== Dataset extract ==
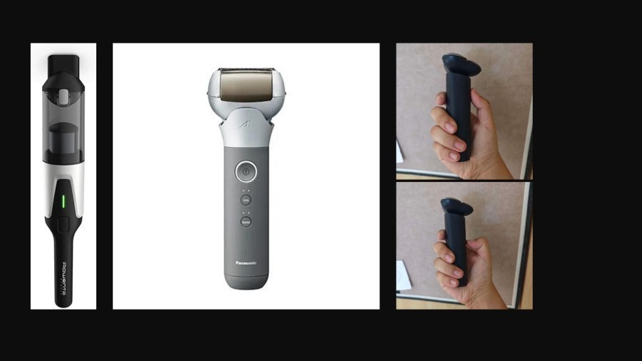 左边两张图都为手持产品,按键位于手柄上方,主要考虑到人拇指的操作的灵活性,看图的时候,我注意到中间的产品,它上面的按键最大,下面两个按键要小,除了区分主次 让电源按键更醒目这一原因以外,我也在积极思考其他原因,我拿着自己的剃须刀做了一下模拟,拇指下移的过程中手指和产品表面的接触面积在变小,我觉得这也是顶部按键做大,下方按键做小的一个人机工学依据。
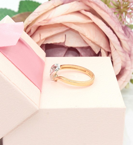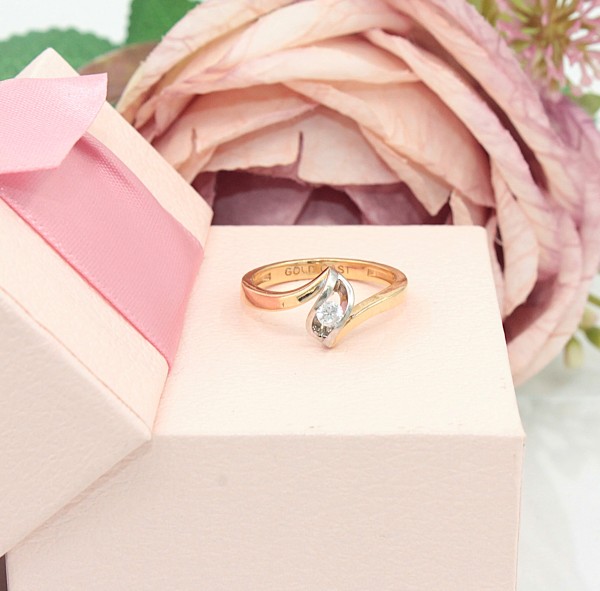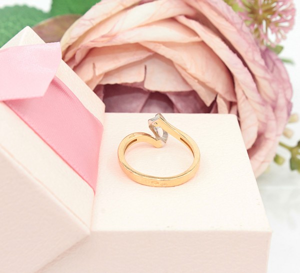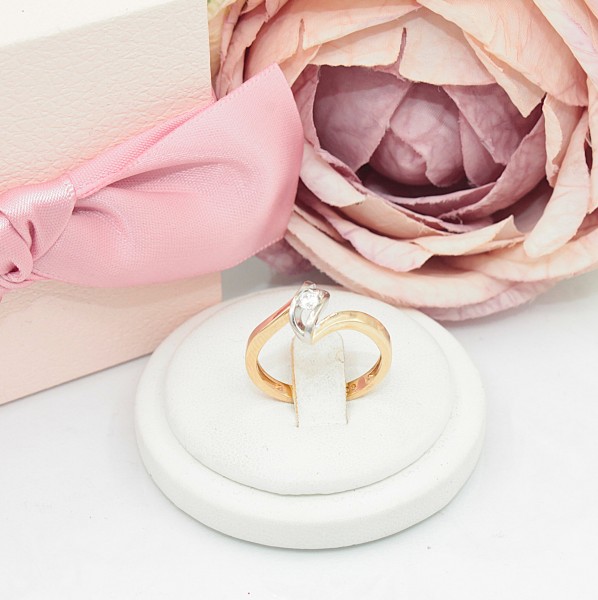 Przedmiotem sprzedaży jest pierścionek wykonany z 14-karatowego(p.585), żółtego i białego złota, ozdobiony na froncie cyrkonią.
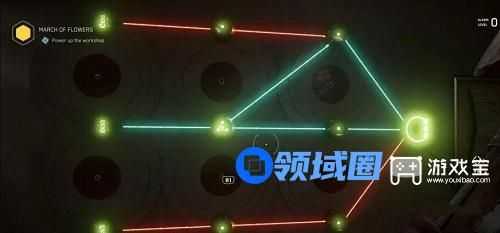3、每个激光发射器都位于圆盘上,转动圆盘就可以上下更换发射器的位置。后期的激光谜题上还会有分流发射器(将一道光束分散为两道光束),合理调整发射器的位置,将不同颜色的光束汇聚起来,让激光束的颜色与指示器上的颜色对应即可。
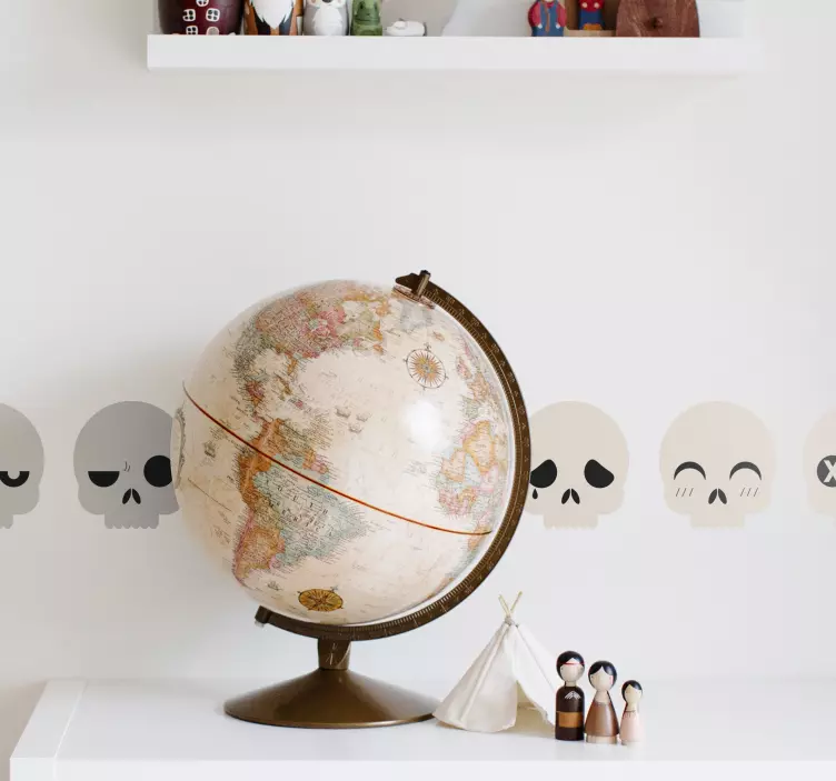 Introducing our stunning Wall sticker whimsical skull faces, a vibrant and playful design that features expressive pirate skulls and charming characters. This decorative border brings a sense of fun to any space, making it a perfect conversation starter for both kids and adults alike!
===
Problem requirements → Please make an exact copy of the whole listing and leave out its pictures.

Final answer →
 左边两张图都为手持产品,按键位于手柄上方,主要考虑到人拇指的操作的灵活性,看图的时候,我注意到中间的产品,它上面的按键最大,下面两个按键要小,除了区分主次 让电源按键更醒目这一原因以外,我也在积极思考其他原因,我拿着自己的剃须刀做了一下模拟,拇指下移的过程中手指和产品表面的接触面积在变小,我觉得这也是顶部按键做大,下方按键做小的一个人机工学依据。
 Przedmiotem sprzedaży jest pierścionek wykonany z 14-karatowego(p.585), żółtego i białego złota, ozdobiony na froncie cyrkonią.
3、每个激光发射器都位于圆盘上,转动圆盘就可以上下更换发射器的位置。后期的激光谜题上还会有分流发射器(将一道光束分散为两道光束),合理调整发射器的位置,将不同颜色的光束汇聚起来,让激光束的颜色与指示器上的颜色对应即可。
 Introducing our stunning Wall sticker whimsical skull faces, a vibrant and playful design that features expressive pirate skulls and charming characters. This decorative border brings a sense of fun to any space, making it a perfect conversation starter for both kids and adults alike!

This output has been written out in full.